Так, с позиции автора текст может выступать как незаконченный, находящийся в динамическом состоянии, в то время как внешняя точка зрения (читателя, издателя, редактора) будет стремиться приписывать тексту законченность. На этой основе возникают многочисленные случаи конфликтов между автором и издателем[183]
.Культура, как уже сказано выше, стремится подвести черту под каноном – не только ограничивая круг канонических текстов, но и пресекая попытки (даже авторские!) изменять такие тексты и устанавливая иерархию между собственно «текстом» и «вариантами». Вариативность текста, более или менее обузданная и регламентированная в новоевропейской культуре книгопечатания, вновь усиливается в наши дни при свободном воспроизведении текстов в Интернете.
Текст соотносится с внетекстовыми структурами.
Это понятие разработано Лотманом в книге «Структура художественного текста». Одним из признаков текста он называет, как мы помним, структурную упорядоченность, то есть наличие кода, выходящего за рамки конкретного текста. Текст – не то же самое, что код, но, читая и дешифруя текст, мы все время имеем в виду его код. Собственно, именно наличие кода делает возможными варианты текста: если бы в тексте не было устойчивой структуры, то любое его мельчайшее изменение порождало бы новый текст. С другой стороны, раз один код может присутствовать в разных текстах, применяться в разных ситуациях, то эти разные тексты можно рассматривать как единый текст. Его образует, например, все творчество одного автора, написанное на личном художественном «идиолекте», охватывающем не только собственно языковые, но и сверхфразовые особенности (любимые сюжетные схемы, стихотворные размеры и т. п.).

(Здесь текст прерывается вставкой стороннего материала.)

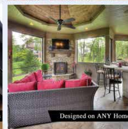
Designed on ANY Home
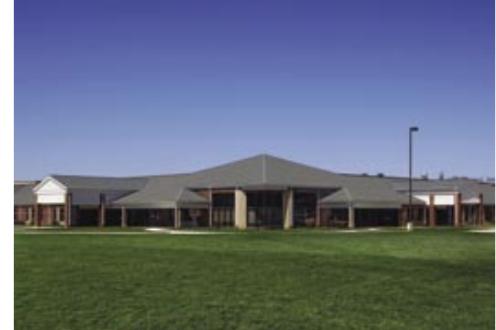
East Warren County High School, FRONT ROYAL, VA
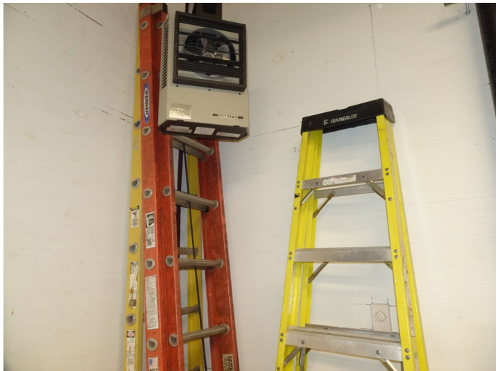
A wall hung heater in garage did not respond to thermostat. Repair as necessary
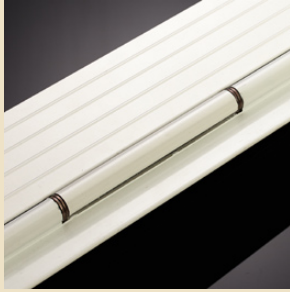
Oil impregnated bearings in each of the four hinges.
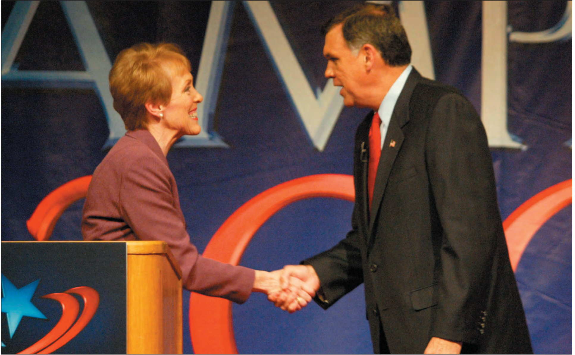
FRIENDLY FIRE: Democratic senatorial candidate Betty Castor (left) shakes hands with her Republican opponent, Mel Martinez (right) before a live debate held at FIU's University Park campus in the Green Library.
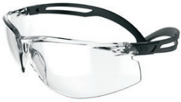
SF501ASP-BLK 7100243979 Lens: Clear, AS+ Frame colour: Black
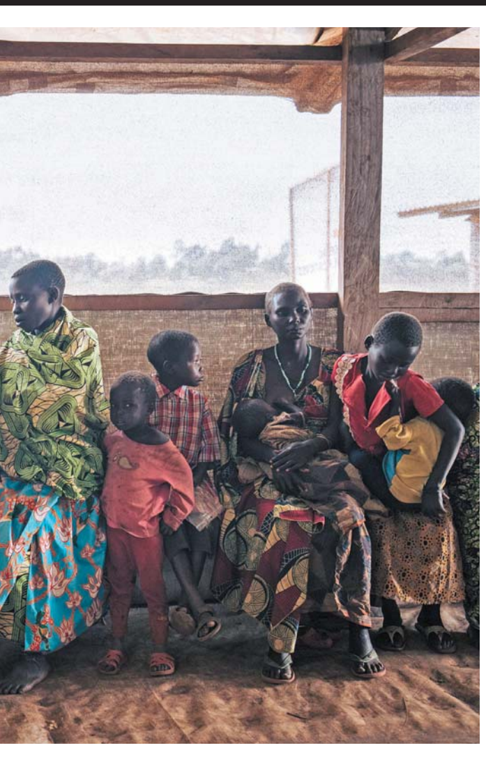
◆Families wait in the triage room of the MSF field hospital.
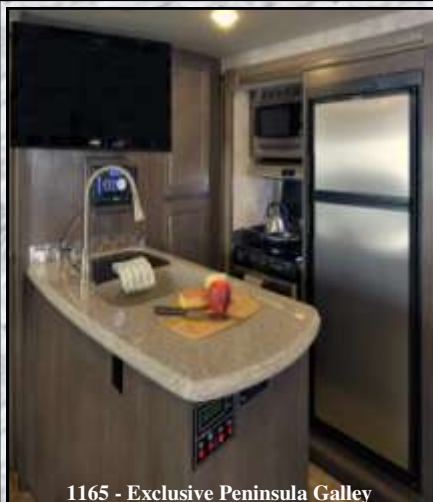
1165 - Exclusive Peninsula Galley
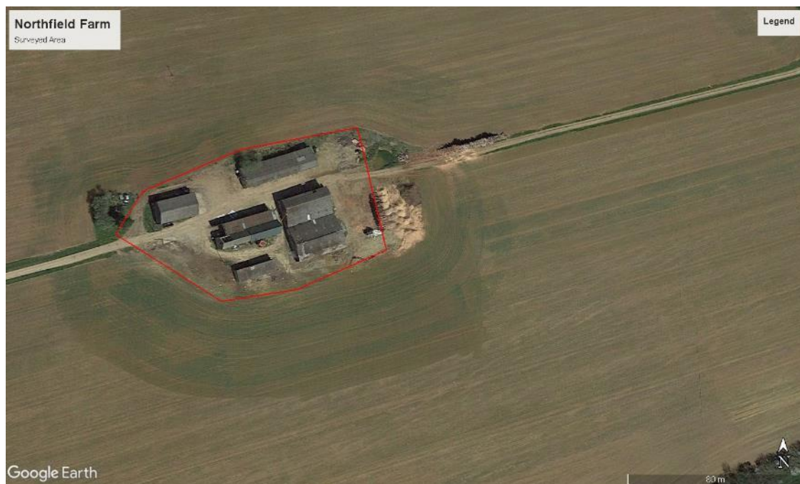
FIGURE 1. Surveyed Area indicated by the red line above.
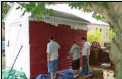
Scouts help out with some painting duties around the grounds.
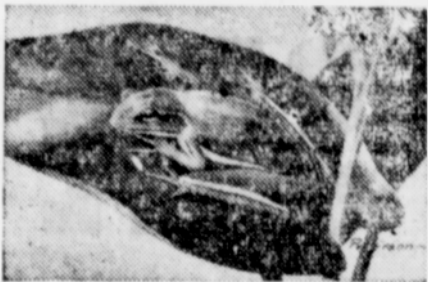
Green Tree Frog

2½ inches with the females being definitely larger than the males. The male is dark olive above with some orange spots scattered over the back. It is lighter on the side and there is a cream-colored streak which runs lengthwise of the side almost to the hind legs. The throat is green just under the mouth and the chin is cream-colored. Lower on the throat is a pinkish area that marks the wrinkled throat prop-

Ту же идею имел в виду Владимир Топоров, вводя понятие «петербургского текста русской литературы»[184]: им описывается структурно-тематическое единство разнообразных текстов, написанных в Петербурге и / или изображающих его. Единый текст составляют все произведения одной национальной литературы, все произведения одного жанра, произведения, собранные под обложкой журнала или сборника (даже если они и не были написаны специально для этого издания). Лотман приводит пример из истории русской литературы: «Надеждин в значительной мере истолковал «Графа Нулина» как ультраромантическое произведение потому, что поэма появилась в одной книжке c «Балом» Баратынского и обе поэмы были восприняты критиком как один текст»[185]; то есть соседство разных произведений в сборнике Пушкина и Баратынского «Две повести в стихах» (1828) заставило критика прочесть их как принадлежащие к одному (романтическому) направлению, к одному общему дискурсу. То, что у него было аберрацией, у современного теоретика может стать осознанной методологической практикой.Теоретическое исследование литературы стремится выделять абстрактные структуры, реализуемые разными текстами. Жерар Женетт предложил называть такие повторяющиеся структуры, на основе которых образуются классы текстов, архитекстами.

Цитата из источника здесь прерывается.